Sard's theorem and the null space of the higher dimensional manifold.

Question

I was reading Milnor's Topology from a Differentiable Viewpoint, where he talks about Sard's theorem (chapter 2). Milnor proposes a lemma:

Lemma 1. If $f: M \rightarrow N$ is a smooth map between manifolds of dimension $m \geq n$, and if $ y \in N$ is a regular value, then the set $f^{-1}(y) \subset M$ is a smooth manifold of dimension $m - n$.

I was not clear how he proves that the set $f^{-1}(y)$ is of dimension $m - n$?

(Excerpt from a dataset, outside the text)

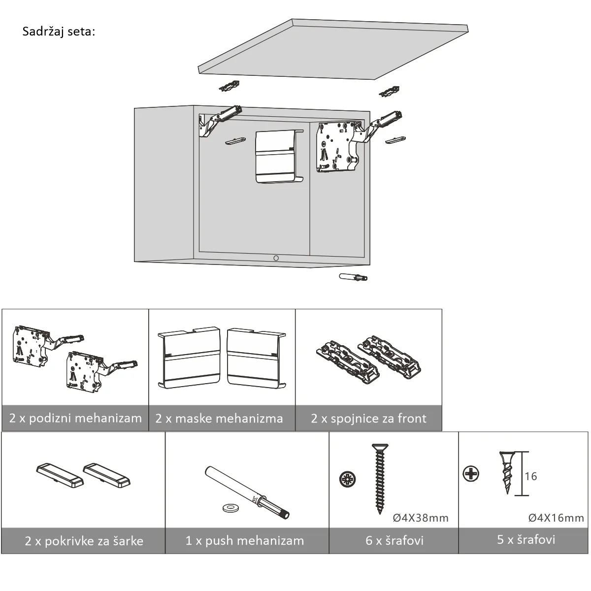 OPM SQ meh.2600-5000push b.+Ni Ugao otvaranja: 107º Širina korpusa: do 1200mm Visina korpusa: od 250 do 600mm Debljina fronta: od 16 do 28mm 3D podešavanje 60000 ciklusa otvaranja/zatvaranja Boja kapice: bela/nikl U kutiji se nalazi i šablon za montažu. Faktor snage se povećava za 50% kada se doda treći mehanizam. * Formula za izračunavanje faktora snage: (visina (m) x širina (m) x težina/m2 (kg)) x visina (mm) Težina okvirno za materijale: iverica - 13kg/m2 mdf - 15kg/m2 staklo u alu ramu - 13kg/m2

Milnor suggests that part of the proof lies in the fact that the null space $\mathscr{R} \subset TM_x$ of $df_x$ will be an $m - n$ dimensional vector space, but I was not clear how this proves this point.

I tried to play around with this--probably way off. So if I have two manifolds that are spheres, one in 5 dimension and the second in 3 dimensions. So $M: S^5, N: S^3$. Now there is a mapping $f: M \rightarrow N$. According to the point above, the null space of the tangent space of $M$ should be 2 dimensional.

If we set $$ f = \begin{bmatrix} 1 & 0 & 0 & 0 & 0 \\ 0 & 1 & 0 & 0 & 0 \\ 0 & 0 & 1 & 0 & 0 \\ 0 & 0 & 0 & 0 & 0 \\ 0 & 0 & 0 & 0 & 0\\ \end{bmatrix} $$

Then the derivative of $f$ is a similar looking matrix

$$ df = \begin{bmatrix} 1 & 0 & 0 & 0 & 0 \\ 0 & 1 & 0 & 0 & 0 \\ 0 & 0 & 1 & 0 & 0 \\ 0 & 0 & 0 & 0 & 0 \\ 0 & 0 & 0 & 0 & 0\\ \end{bmatrix} $$

This is the a three dimensional identity matrix, so why is the null space of this derivative equal to 2? That does not seem to make sense.

Any help would be appreciated.

Answer 1

I don't really get which mapping $f\colon\mathbb{S}^5\rightarrow\mathbb{S}^2$ you are dealing with.

First of all, in any cases $\mathrm{d}_xf$ is not a square matrix, it is a $5\times 2$ matrix, precisely because $\mathbb{T}_x\mathbb{S}^5$ has dimension $5$ and $\mathbb{T}_{f(x)}\mathbb{S}^2$ has dimension $2$.

Then, if you are considering something like $f(x,y,z,0,0,0)=(x,y,z)$ or $f(x,y,z,t,u,v)=(x,y,z)$, then none of them is a mapping from $\mathbb{S}^5$ into $\mathbb{S}^2$. The first one is not define on the whole $\mathbb{S}^5$ and the codomain of the last one is not $\mathbb{S}^2$. For example, $(0,0,0,0,1)\in\mathbb{S}^5$ but $(0,0,0)\not\in\mathbb{S}^2$.

Regarding Milnor's claim : By definition, $y\in N$ is a regular value of $f\colon M\rightarrow N$ if and only if for each $x\in f^{-1}(\{y\})$, $f$ is a submersion at $x$. Namely, $y\in N$ is a regular value of $f\colon M\rightarrow N$ if and only if for each $x\in f^{-1}(\{y\})$, $\mathrm{d}_xf\colon T_xM\rightarrow T_{f(x)}N$ is a surjective linear map. Notice, that $T_xM$ has dimension $m$ and $T_xN$ has dimension $n$, then using rank-nullity theorem: $$\dim(\ker(\mathrm{d}_xf))=m-n.$$ To conclude, notice that $\ker(\mathrm{d}_xf)$ is precisely $T_xf^{-1}(\{y\})$.